Sherwood II: The Police Stuck in the Middle with You

Ian Parker explores ideological framing of the police in the second season of Sherwood

 

The first season of Sherwood, which Dave Kellaway reviewed for ACR, was set in the very late aftermath of the 1984 Miners’ Strike, the current day. Those who saw it will know (plot spoiler) that a police agent went rogue during those times, and they are now living in the local community. That first season focused a little too much on the personal and interpersonal agonising of the police, with central characters portrayed as caught in the middle, in between strikers loyal to the National Union of Mineworkers, NUM, and scabs organised by the Union of Democratic Mineworkers, UDM.

Sherwood sometimes drifts into police procedural television, and the way it depicts the police, and touches on the relationship between the police and the left, frames debates that have been around on the left for many years. It is that ideological framing we need to focus on for the moment rather than engage in a detailed review of Sherwood (a series which tries to tackle a number of “social issues”).

Sherwood Season Two

The second season recentres the action away from an explicit concern with the legacy of the Miners’ Strike, though there are hints aplenty that the ongoing violence and threat is a function of mass unemployment and austerity. There are key characters who are implicated in police infiltration of local communities, some of whom have come good from that work, and the themes of “infiltration” and “double agent” dealing run through the representation of community groups and drug gangs.
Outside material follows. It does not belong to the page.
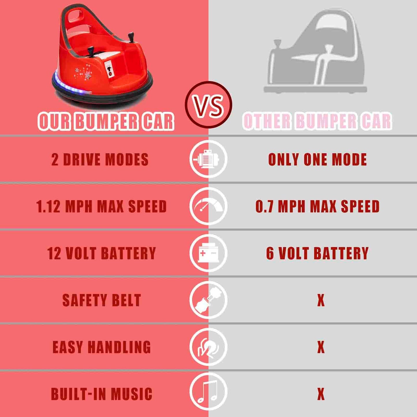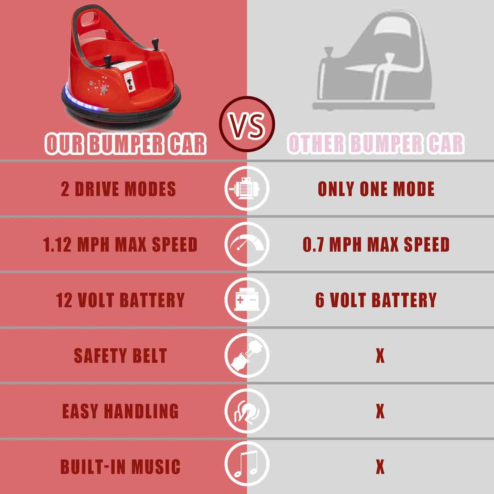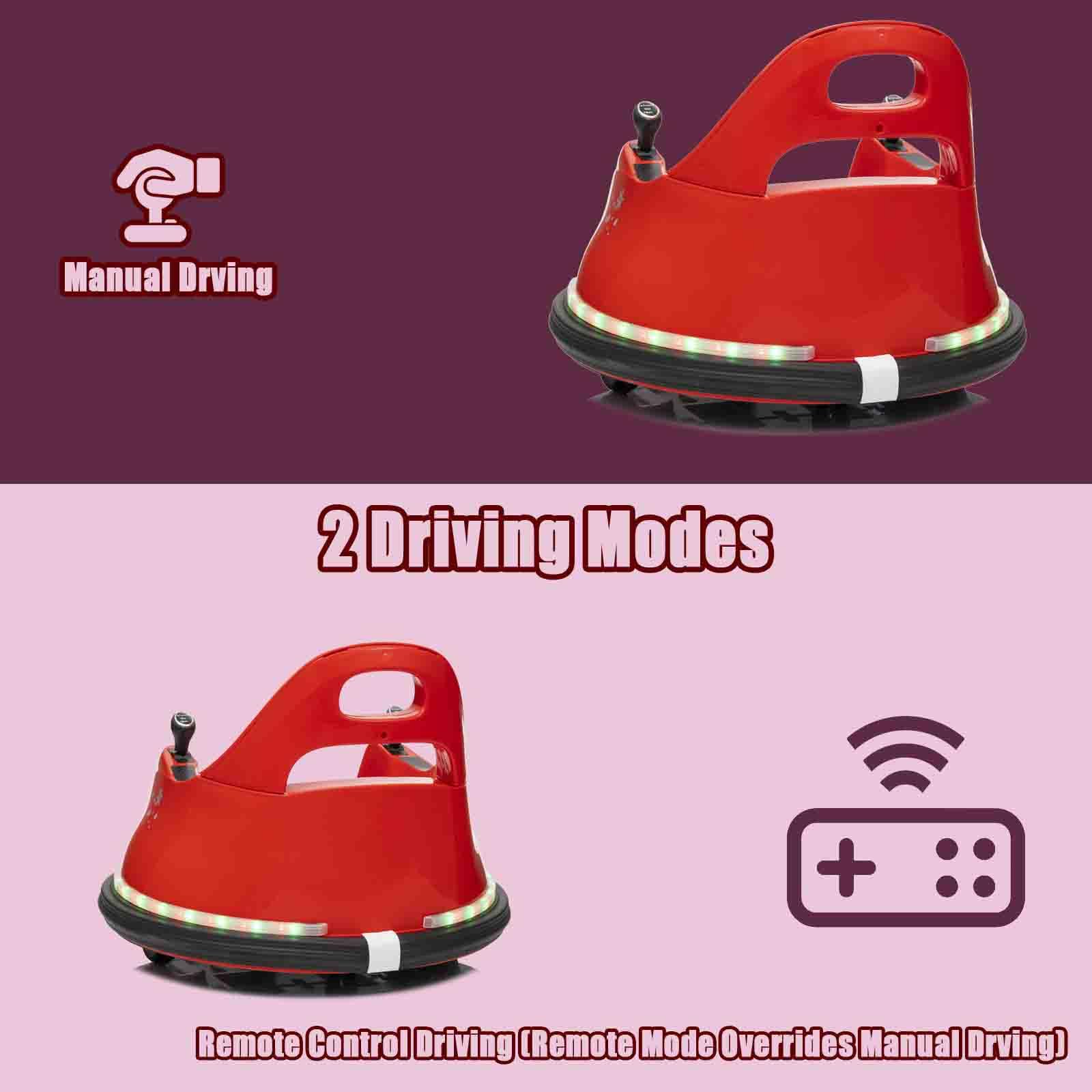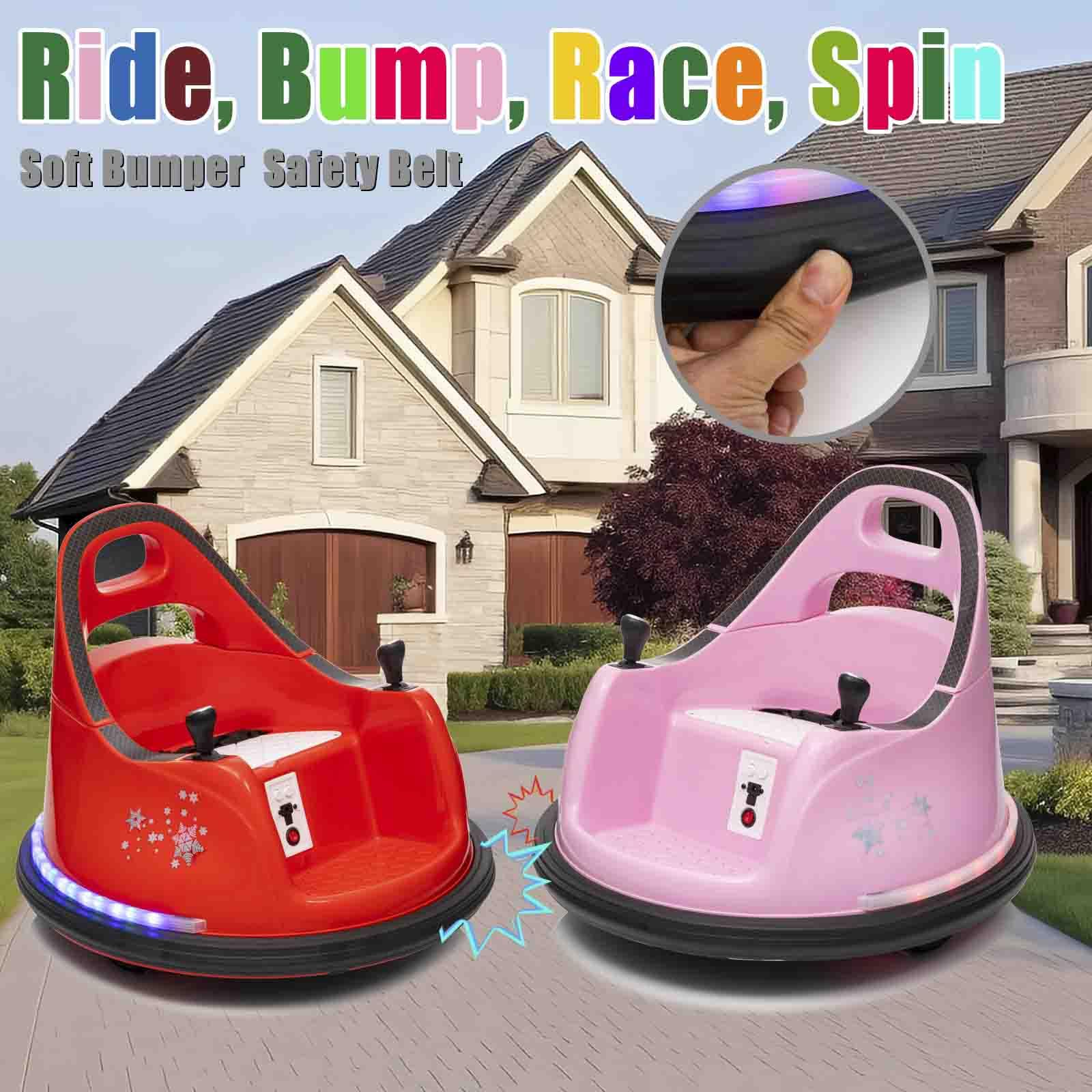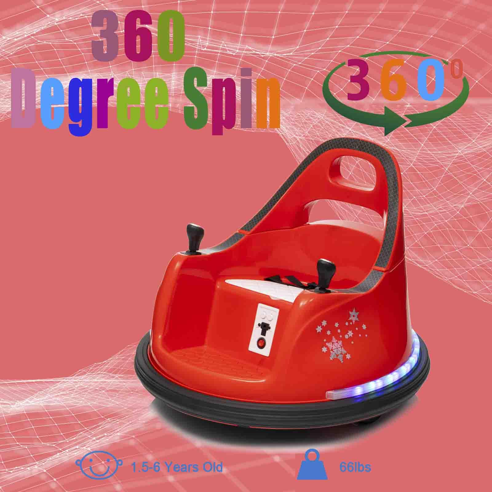 [Unique Ride on Toy Car] Our ride-on bumper car is advanced and toddler-friendly than other ride on toy car. Kids ride on bumper car is suitable for a variety of scenarios, such as wooden, floor tiles, carpets and concrete floors. Electric toy car can reach speeds of up to 1.12 mph | [360 Degree Spin] Kids can use the electric bumper car to ride, race, spin and bump all around the indoor and outdoor. Electric toy bumper car with 360 degree spin for more riding fun. The maximum weight capacity is 66 lbs | [2 Driving Mode] Our ride on bumper car for kids has manual driving mode and remote control driving mode.Parents can use remote control to control bumper cars, which can ensure your kids safe riding. And children can ride bumper cars to enjoy the interesting of independent driving | [Safety Features] Kids bumper car is equipped with seat belts and 2 control knobs which can be held by kid while playing so that safeguards the child's safety. Ride on electric vehicles bumper car also designs for anti-collision strip so that kids use the 360 degree turning radius to make maneuvering simple and avoid danger | [Built-in Music for Fun] Kids ride on electric bumper car is equipped with built-in music, which can let your children enjoy their favorite music or songs while crashing or playing. Ride on bumper car is also equipped with bright colorful LED lights, which make your kids to drive more cool and fun

What the second season does continue however, and actually ramps up, is an attempt to humanise the police.

While the first season did include attention to racism and sexism, and showed Black police officers (albeit those seen as “outsiders” who did not fully understand what the strike and its consequences were), this second season has a quite stunning increase in Black personnel in the police and judicial apparatus, ranging from central police sergeants to magistrates.
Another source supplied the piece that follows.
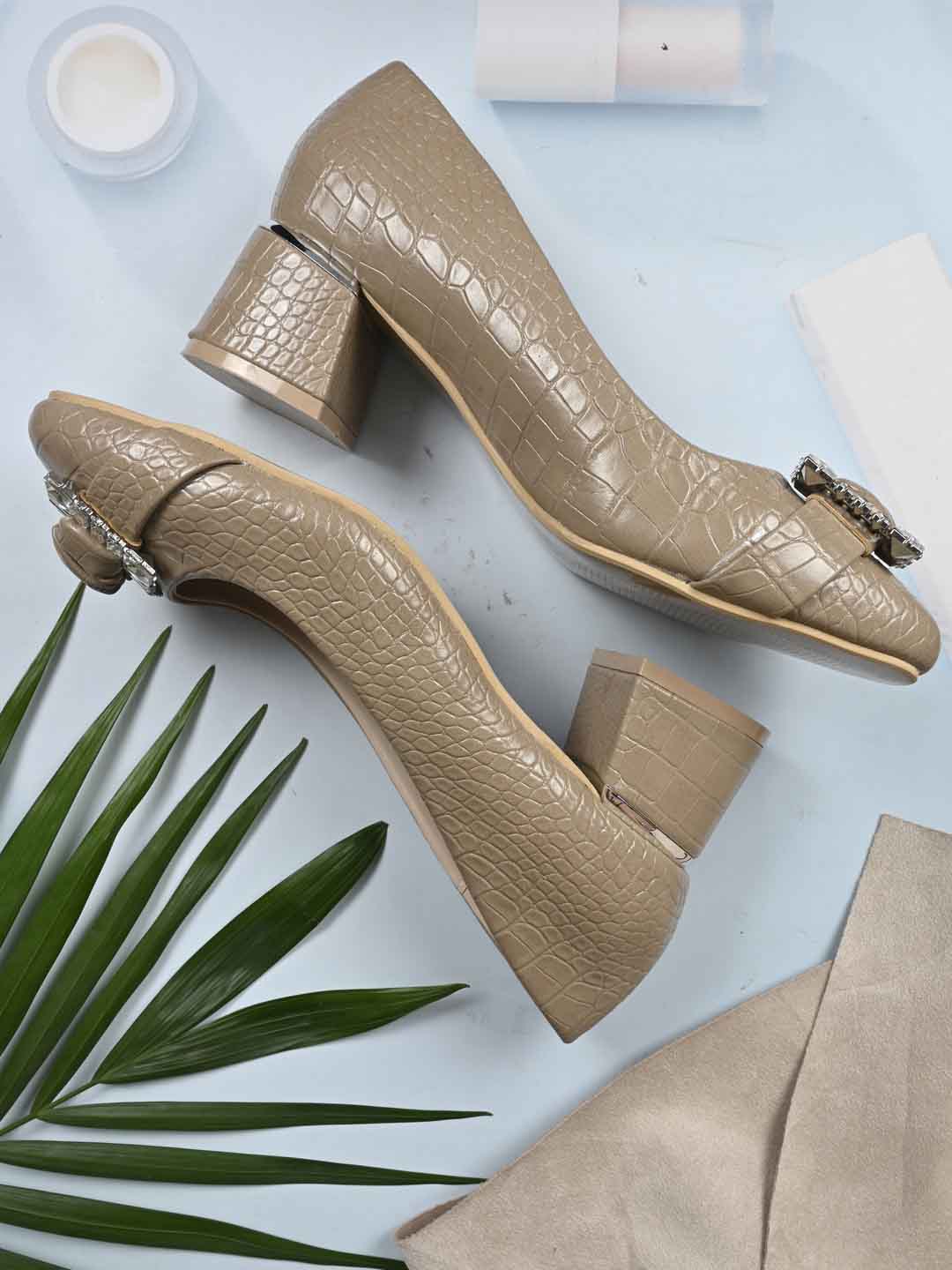 Women Khaki Animal Print Pumps
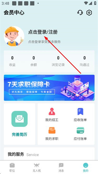 2、在個(gè)人中心頁(yè)面點(diǎn)擊登錄注冊(cè)區(qū)域,進(jìn)入天俠網(wǎng)的登錄頁(yè)面。

The ideological stakes of this representation of police as “stuck in the middle” are immense, and we need to take the consequences of this seriously, both in the way we understand the function of the police in class society and in the way we as activists relate to the police. We must be alert to contradictions, in ideology and in practice.

Ideology and the role of the police

We know that “all coppers are bastards,” but what kind of bastards are they exactly in different kinds of society or, more to the point, in our times here in the UK? For Marxists, it is just not good enough to simply resort to a term of abuse. Our understanding of the police is precisely that they are not “illegitimate” in capitalist society; rather, they are very “legitimate,” functional and necessary to it, and their role is legitimated in television series like Sherwood.
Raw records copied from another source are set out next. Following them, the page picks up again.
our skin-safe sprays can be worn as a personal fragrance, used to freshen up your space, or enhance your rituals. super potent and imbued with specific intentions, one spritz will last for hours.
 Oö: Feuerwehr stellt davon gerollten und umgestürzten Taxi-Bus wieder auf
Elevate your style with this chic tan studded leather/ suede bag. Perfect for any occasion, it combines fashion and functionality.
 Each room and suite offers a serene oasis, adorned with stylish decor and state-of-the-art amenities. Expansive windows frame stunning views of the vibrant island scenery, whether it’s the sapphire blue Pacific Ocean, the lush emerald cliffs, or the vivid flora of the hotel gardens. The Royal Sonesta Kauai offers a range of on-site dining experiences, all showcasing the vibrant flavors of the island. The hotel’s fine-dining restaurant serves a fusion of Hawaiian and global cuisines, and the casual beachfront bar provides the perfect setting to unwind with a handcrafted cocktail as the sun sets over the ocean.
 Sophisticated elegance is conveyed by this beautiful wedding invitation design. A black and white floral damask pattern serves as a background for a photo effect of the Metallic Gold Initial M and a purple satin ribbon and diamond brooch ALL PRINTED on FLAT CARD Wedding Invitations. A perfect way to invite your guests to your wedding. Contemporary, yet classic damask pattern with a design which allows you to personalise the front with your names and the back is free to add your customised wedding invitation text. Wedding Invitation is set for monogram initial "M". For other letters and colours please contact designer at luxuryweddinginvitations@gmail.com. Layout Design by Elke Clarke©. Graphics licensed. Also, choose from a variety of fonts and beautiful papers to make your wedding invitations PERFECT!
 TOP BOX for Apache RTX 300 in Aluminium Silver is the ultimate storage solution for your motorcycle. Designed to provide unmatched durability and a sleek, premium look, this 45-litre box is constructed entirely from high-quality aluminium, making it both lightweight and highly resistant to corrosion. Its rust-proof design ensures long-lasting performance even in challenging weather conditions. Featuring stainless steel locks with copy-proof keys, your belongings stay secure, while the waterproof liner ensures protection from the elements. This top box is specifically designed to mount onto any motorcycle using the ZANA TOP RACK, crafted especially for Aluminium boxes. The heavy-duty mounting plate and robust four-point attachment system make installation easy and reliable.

When it comes down to it, the police are part of the apparatus of the state, a state that is dedicated to the protection of large private property; not of your own toothbrush but of the means of production that you sell your time to service during most of your waking day. They guarantee the continued existence of that kind of private property that turns us, workers, into the property of an employer, the one who buys and owns your labour time.

The police force is, of course, a hierarchical power structure that maps onto the kind of state apparatus they serve, and just like the capitalist state itself, the different levels of personnel enjoy different kinds of direct links to the ruling class, to those who own or manage the means of production. At the upper echelons of the state are those tied into the family, school, college and industry networks that connect them by a million different threads to the economy, something you do not need any kind of conspiracy theory to analyse and take seriously. And at the lower levels are those who are granted a little bit of privilege, drawn from the working class, and even still often living in working-class communities.

This we see very clearly represented in Sherwood. Notice the way that one of the key characters becomes successful, emerges from the working class after having betrayed his class during the miners’ strike by collaborating with the police. Notice how another key character has entered the police apparatus in order to inform, to do the bidding of crime gangs.

Those tense links inside the working class when the police apparatus, part of the “repressive state apparatus,” open up contradictions, of course. Those contradictions explode into direct conflict at times when large private property is itself under threat. It is then, at times edging on national strike, even perhaps “dual power,” when the working class is able to operate as a conscious united force, that a choice opens up for each member of the police, whether to side with their own class – an easier more obvious done deal for those at the upper levels whose class is immediately part of or dependent on the ruling class – or to side with the state that guarantees the power of the ruling class.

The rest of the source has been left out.